With FIGd a new pipeline for RABIDseq outputs will be developed/optimised, which will facilitate the integration with other high-throughput outputs (e.g. single-cell RNAseq, ATACseq, and spatial omics). This novel approach will also permit, for the first time, to study the tissue/ organism specific pathways, slicing the GRN dynamics not only on time, but also on functional criteria.
Data science approaches to understanding causes and predicting outcomes in mental disorder and brain structure/function
Supervisor: Professor Graham Murray, Professor of Psychiatry and Neuroscience (gm285@cam.ac.uk)
Principle Supervisor Department: Psychiatry
Summary
The student will take a clinical informatics or bioinformatics approach to investigate causes and/or outcomes in mental disorder and/or related brain phenotypes.

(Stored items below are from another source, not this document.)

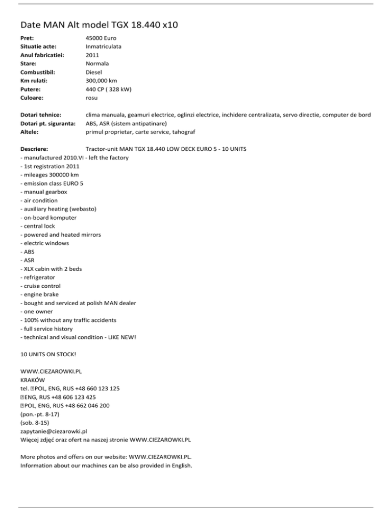 Date MAN Alt model TGX 18.440 x10 Pret: Situatie acte: Anul fabricatiei: Stare: Combustibil: Km rulati: Putere: Culoare: 45000 Euro Inmatriculata 2011 Normala Diesel 300,000 km 440 CP ( 328 kW) rosu Dotari tehnice: Dotari pt. siguranta: Altele: clima manuala, geamuri electrice, oglinzi electrice, inchidere centralizata, servo directie, computer de bord ABS, ASR (sistem antipatinare) primul proprietar, carte service, tahograf Descriere: Tractor-unit MAN TGX 18.440 LOW DECK EURO 5 - 10 UNITS - manufactured 2010.VI - left the factory - 1st registration 2011 - mileages 300000 km - emission class EURO 5 - manual gearbox - air condition - auxiliary heating (webasto) - on-board komputer - central lock - powered and heated mirrors - electric windows - ABS - ASR - XLX cabin with 2 beds - refrigerator - cruise control - engine brake - bought and serviced at polish MAN dealer - one owner - 100% without any traffic accidents - full service history - technical and visual condition - LIKE NEW! 10 UNITS ON STOCK! WWW.CIEZAROWKI.PL KRAKÓW tel. POL, ENG, RUS +48 660 123 125 ENG, RUS +48 606 123 425 POL, ENG, RUS +48 662 046 200 (pon.-pt. 8-17) (sob. 8-15) [email protected] Więcej zdjęć oraz ofert na naszej stronie WWW.CIEZAROWKI.PL More photos and offers on our website: WWW.CIEZAROWKI.PL. Information about our machines can be also provided in English. Больше фотографии и предложений на сайте: WWW.CIEZAROWKI.PL. Информацию о нашей технике можно получить также на русском языке. http://www.depozitauto.ro/vand-man-alt-model-second-hand-2011-Bucuresti-id177668.html http://www.depozitauto.ro/camioane/man/alt-model/
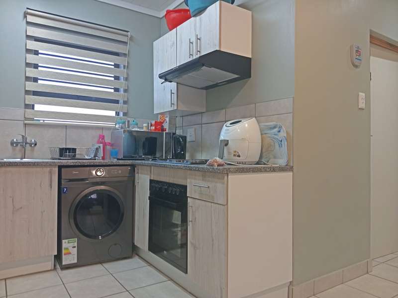 This charming 2-bedroom home is nestled in the up-and-coming Hillside Development, making it an ideal choice for first-time buyers looking to step into the property market. Tiled throughout, the house offers a warm and welcoming open-plan living area that flows seamlessly into a modern kitchen fitted with built-in cupboards. Both bedrooms are well-sized and feature built-in cupboards, with a neat full bathroom conveniently positioned between them. The property boasts a generously sized yard—perfect for future extensions or creating your dream outdoor space. Located in a rapidly developing area, you'll enjoy easy access to local malls, schools, and petrol stations. Don’t miss out on this beautiful gem—affordable, convenient, and full of potential!
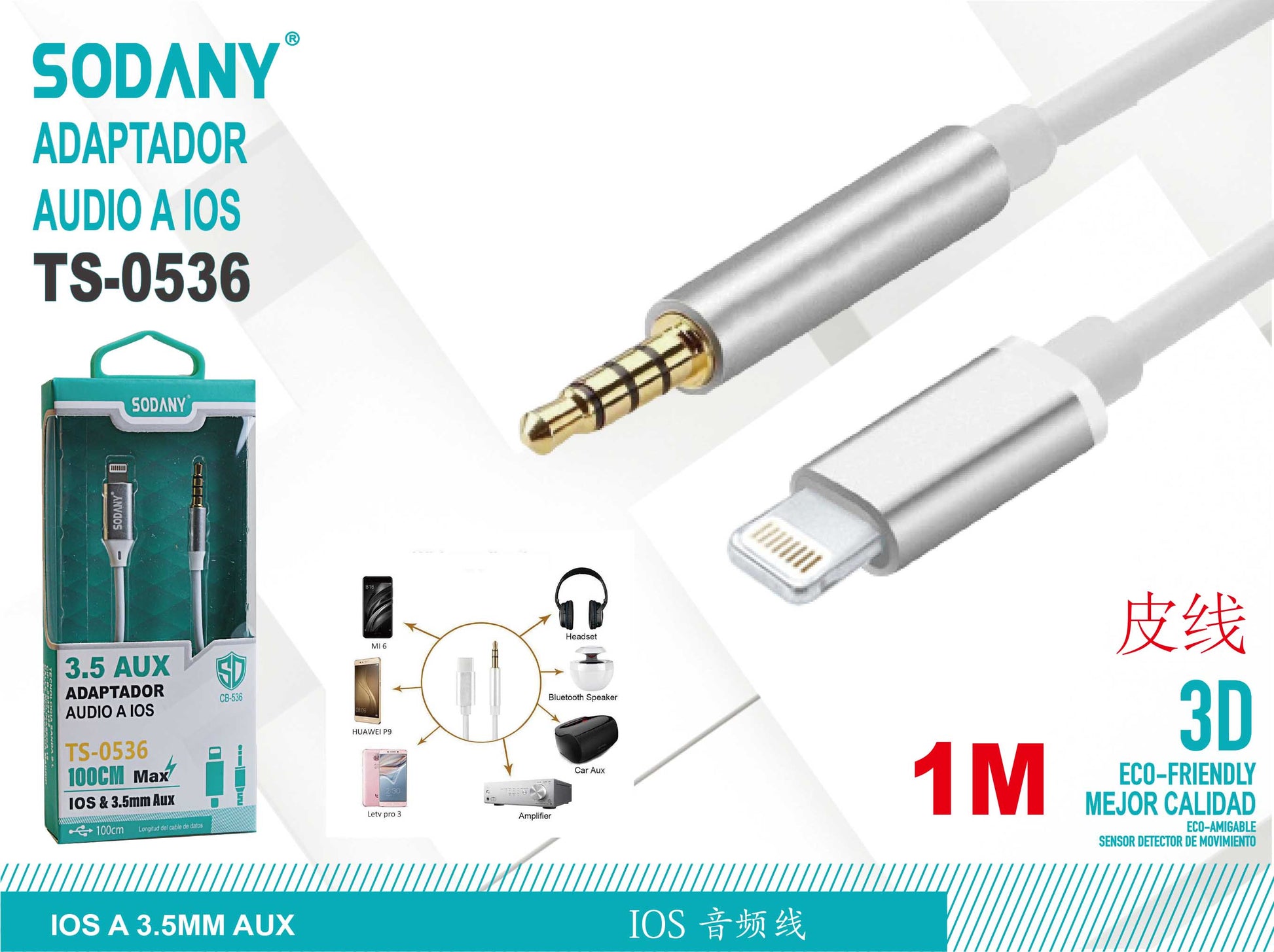 El adaptador de audio Sodany modelo TS-0536 es un cable de 1 metro diseñado para convertir la salida de audio de 3.5mm en un conector compatible con dispositivos iOS, como iPhones y iPads. Este adaptador es ideal para aquellos que desean utilizar sus auriculares o dispositivos de audio con entrada estándar de 3.5mm en dispositivos Apple que solo cuentan con puerto Lightning.

This could involve using GWAS summary statistics for metabolomics, genomics and proteomics and relating these to mental disorder and /or brain phenotypes, using techniques such as statistical genomics and mendelian randomisation. It could also or alternatively involve clinical data from electronic health records, in combination with biomarker data, with a focus on psychosis and/or depression and possible relation to physical health (cardio-metabolic or immune mechanisms).